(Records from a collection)
● ● ●

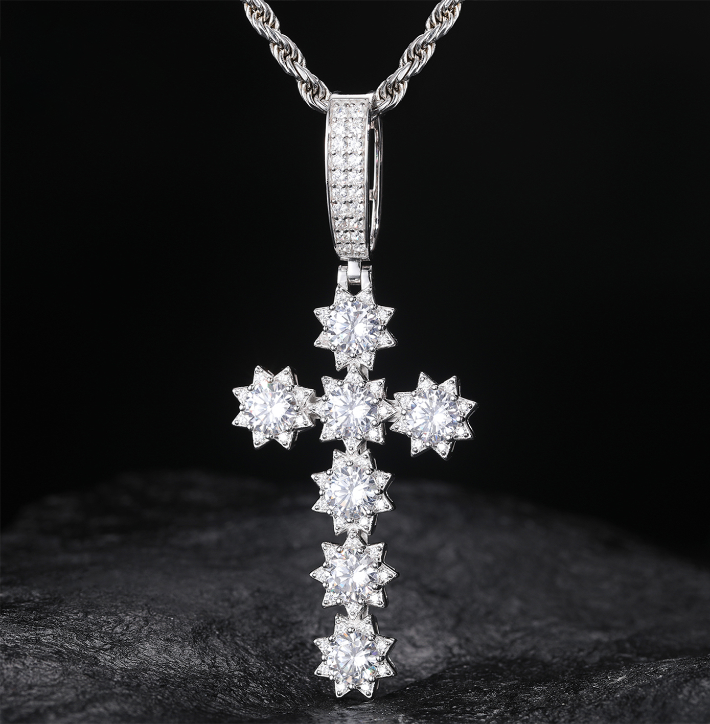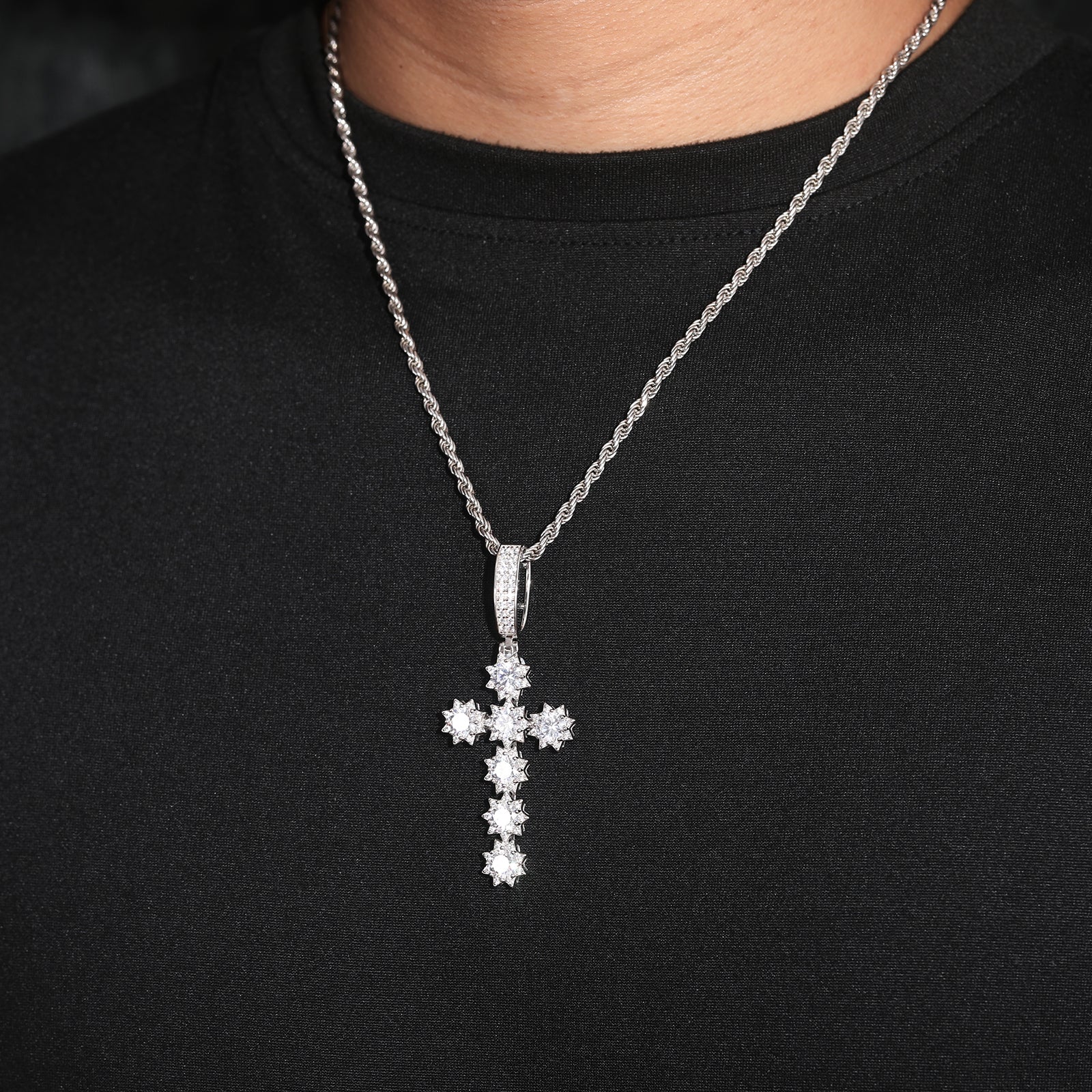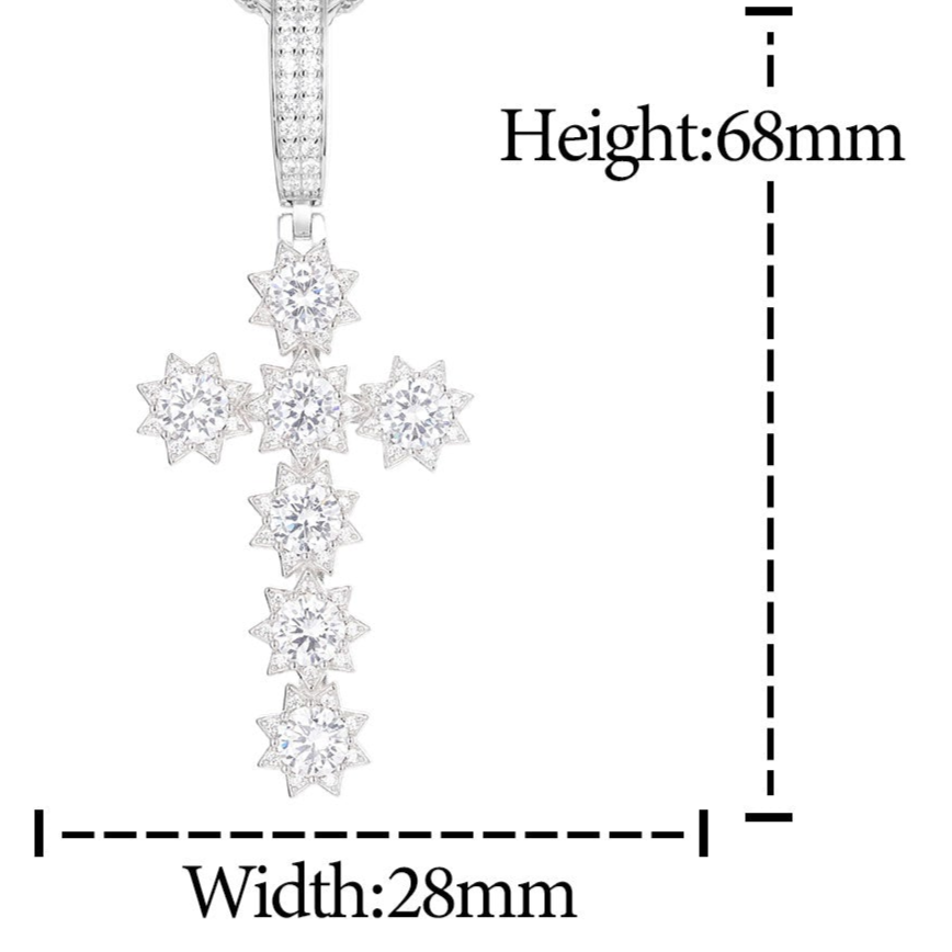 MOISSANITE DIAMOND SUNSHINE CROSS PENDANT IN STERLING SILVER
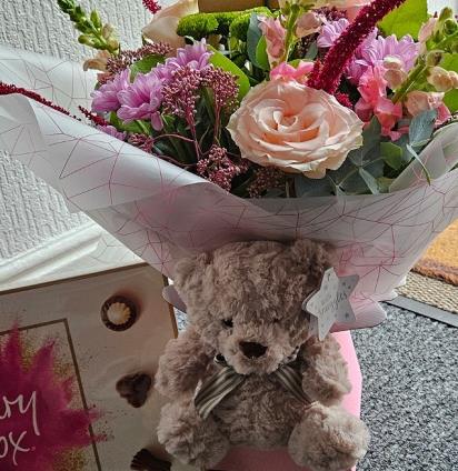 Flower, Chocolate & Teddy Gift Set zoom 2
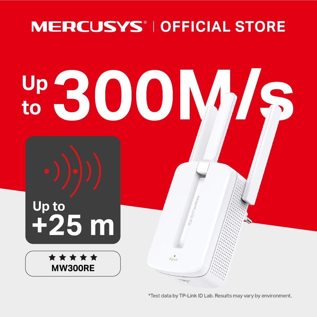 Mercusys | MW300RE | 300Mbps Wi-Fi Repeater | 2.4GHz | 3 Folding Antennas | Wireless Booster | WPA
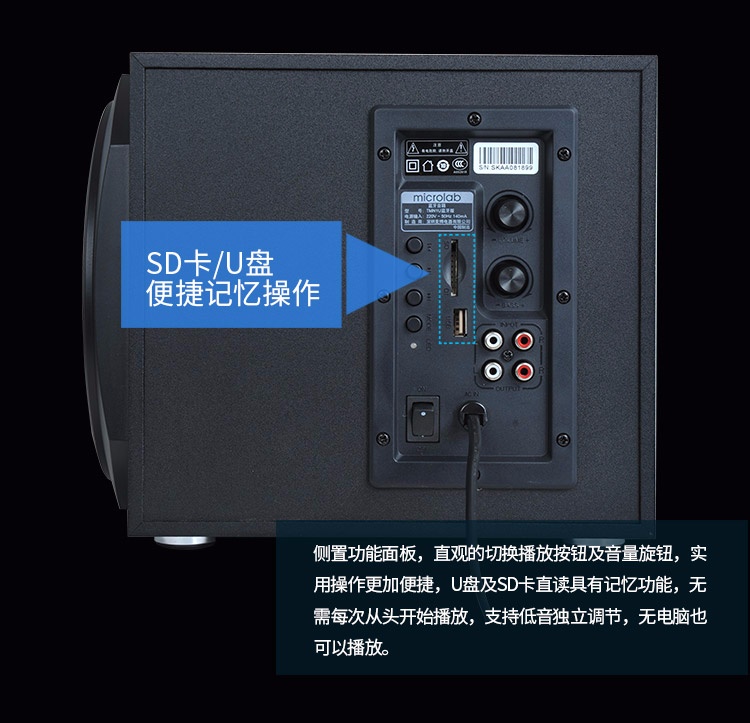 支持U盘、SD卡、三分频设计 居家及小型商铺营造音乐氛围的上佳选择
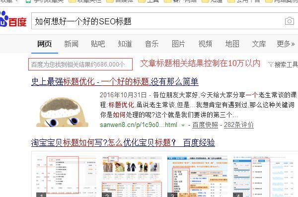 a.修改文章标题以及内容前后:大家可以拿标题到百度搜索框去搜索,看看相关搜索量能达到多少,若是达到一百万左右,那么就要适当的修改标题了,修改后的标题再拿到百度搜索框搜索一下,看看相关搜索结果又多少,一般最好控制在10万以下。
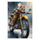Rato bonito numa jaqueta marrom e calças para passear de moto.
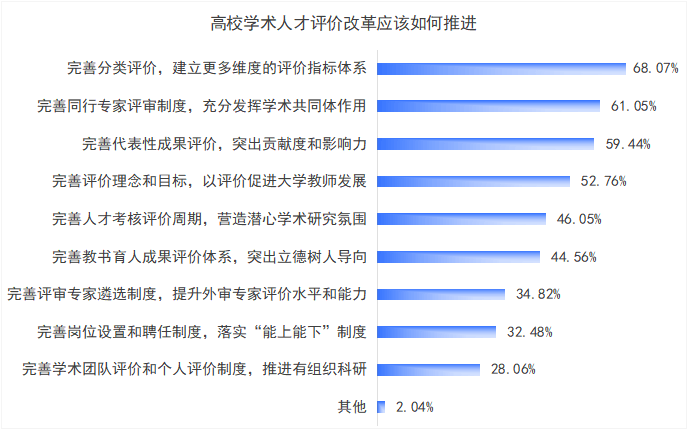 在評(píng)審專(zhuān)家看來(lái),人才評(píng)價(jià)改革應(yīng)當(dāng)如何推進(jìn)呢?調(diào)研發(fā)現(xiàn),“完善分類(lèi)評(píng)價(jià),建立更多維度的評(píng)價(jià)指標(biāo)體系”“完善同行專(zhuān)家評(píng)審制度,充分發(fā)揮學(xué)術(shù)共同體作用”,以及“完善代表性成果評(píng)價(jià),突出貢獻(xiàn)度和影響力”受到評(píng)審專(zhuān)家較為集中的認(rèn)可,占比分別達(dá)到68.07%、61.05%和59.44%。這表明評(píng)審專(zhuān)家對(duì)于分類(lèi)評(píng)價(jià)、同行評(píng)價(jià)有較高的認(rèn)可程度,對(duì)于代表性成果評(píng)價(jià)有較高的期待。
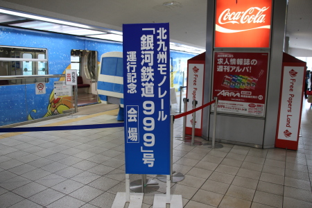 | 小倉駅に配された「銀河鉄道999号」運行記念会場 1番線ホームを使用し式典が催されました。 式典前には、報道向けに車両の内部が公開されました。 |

● ● ●

■ Goal of the exercise ■
Set down word for word the lines above from the one with "支持U盘、SD卡、三分频设计 居家及小型商铺营造音乐氛围的上佳选择" up to and including the one with "Rato bonito numa". Omit every picture.

■ Written solution ■
 支持U盘、SD卡、三分频设计 居家及小型商铺营造音乐氛围的上佳选择
 a.修改文章标题以及内容前后:大家可以拿标题到百度搜索框去搜索,看看相关搜索量能达到多少,若是达到一百万左右,那么就要适当的修改标题了,修改后的标题再拿到百度搜索框搜索一下,看看相关搜索结果又多少,一般最好控制在10万以下。
Rato bonito numa jaqueta marrom e calças para passear de moto.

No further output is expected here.